Rohit Sharma is an Indian cricketer who has represented the national team since 2007. He has made 51 centuries in international cricket34 in One Day Internationals (ODI), 12 in Tests and 5 in Twenty20 Internationals (T20Is) as of October 2025.

His first century came during the 2010 Tri-Nation Tournament in Zimbabwe when he made 114 against the hosts. In the 2013 bilateral series against Australia at home, he made two centuries, including a double-century. (Note: Sharma became the third player to score an ODI double-century.) The next year, he scored 264 against Sri Lanka at the Eden Gardens, Kolkata. The score remains the highest individual total by a batsman in the format. In January 2016, he made 171 not out against Australia; it remained the highest score by a visiting batsman against Australia until England's Jason Roy made 180 in 2018. (Note: As of January 2020, this remains the seventh-highest individual score in Australia.) Sharma set the record for most centuries scored in a World Cup when he scored five centuries in the 2019 World Cup. He has scored centuries against nine different opponents and has the joint-highest number of centuries (nine) against Australia in the format. (Note: He shares the position with Sachin Tendulkar.) As of January 2020, Sharma has eight scores in excess of 150, and three double-centuries, both of which are records in ODIs. He has the second highest number of centuries for an active player in the format. (Note: Sharma is behind Kohli (51) and Tendulkar (49) in the all-time list.)

Sharma made his Test debut during the 2013–14 home series against the West Indies. He scored 177 on his debut and went on to make another century in the next match. (Note: Sharma was the 14th Indian to score a century on Test debut.) He scored three centuries in the home series against South Africa in October 2019including 176 and 127 in the first match, (Note: He became the sixth Indian to score centuries in both innings of a Test match.) and a career-highest score of 212 in the third match.

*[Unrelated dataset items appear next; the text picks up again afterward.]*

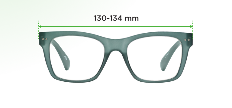 Make sure that the overall width of your glasses, which includes both lenses and the bridge, aligns closely with your temple-to-temple measurement. For example, if your temple-to-temple measurement is 132 millimeters (5.2 inches), look for glasses that measure between 130 and 134 millimeters (5.1 to 5.3 inches).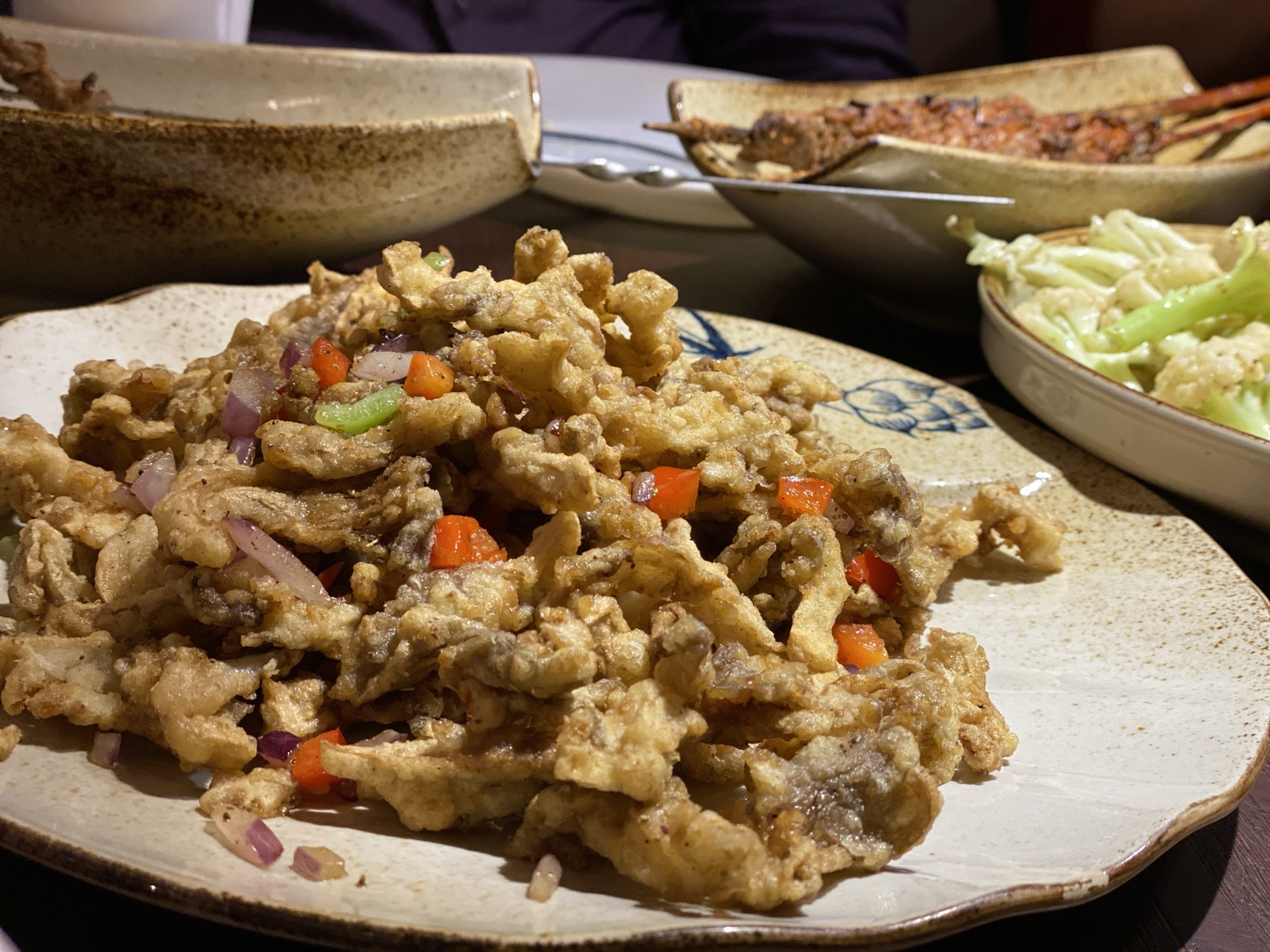 ...般 有点老 但是烤馕非常好吃 那个面包烤肉是最爱 另外就是茶水是甜的 没有不甜的 这个有点糟心非常地道的新疆菜 量也够大 推荐炸蘑菇 羊肉串其实一般 有点老 但是烤馕非常好吃 那个面包烤肉是最爱 另外就是茶水是甜的 没有不甜的 这个有点糟心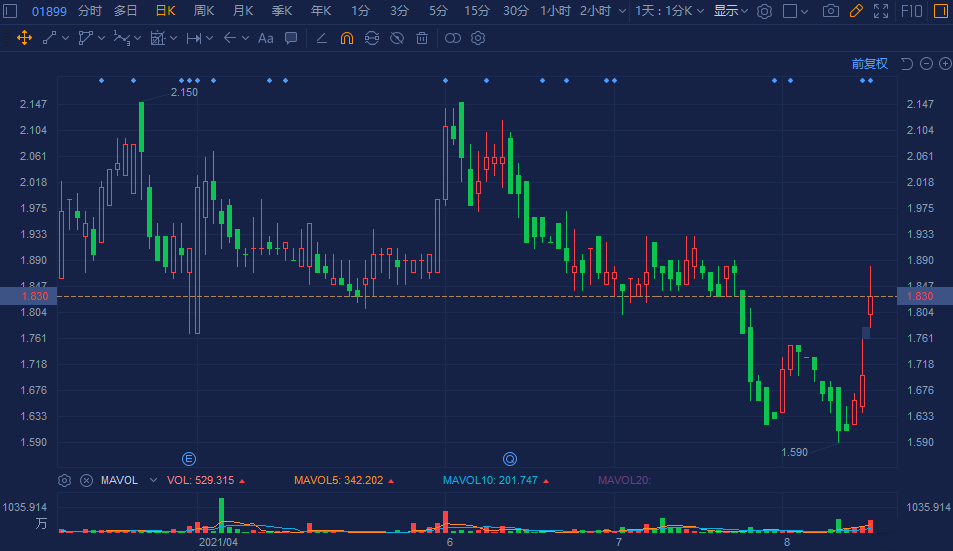 兴达国际(1899.HK)再度拉升涨8%,3日连升达15%近乎收复近期跌幅,现报1.83港元,总市值超30亿港元。

Sharma made his T20I debut during the ICC T20 World Cup 2007 against England.
In October 2015, he became the second Indian to score a century in the T20I format when he made 106 against South Africa. Sharma jointly held the record for the fastest century in men's T20I (off 35 balls) with South Africa's David Miller and Czech Republic's Sudesh Wickramasekara. (Note: It had come during the course of his 43-ball 118 against Sri Lanka in December 2017; the record has since been broken multiple times.) Sharma jointly holds the record for the most centuries in the format with five. (Note: He shares the record with Glenn Maxwell.)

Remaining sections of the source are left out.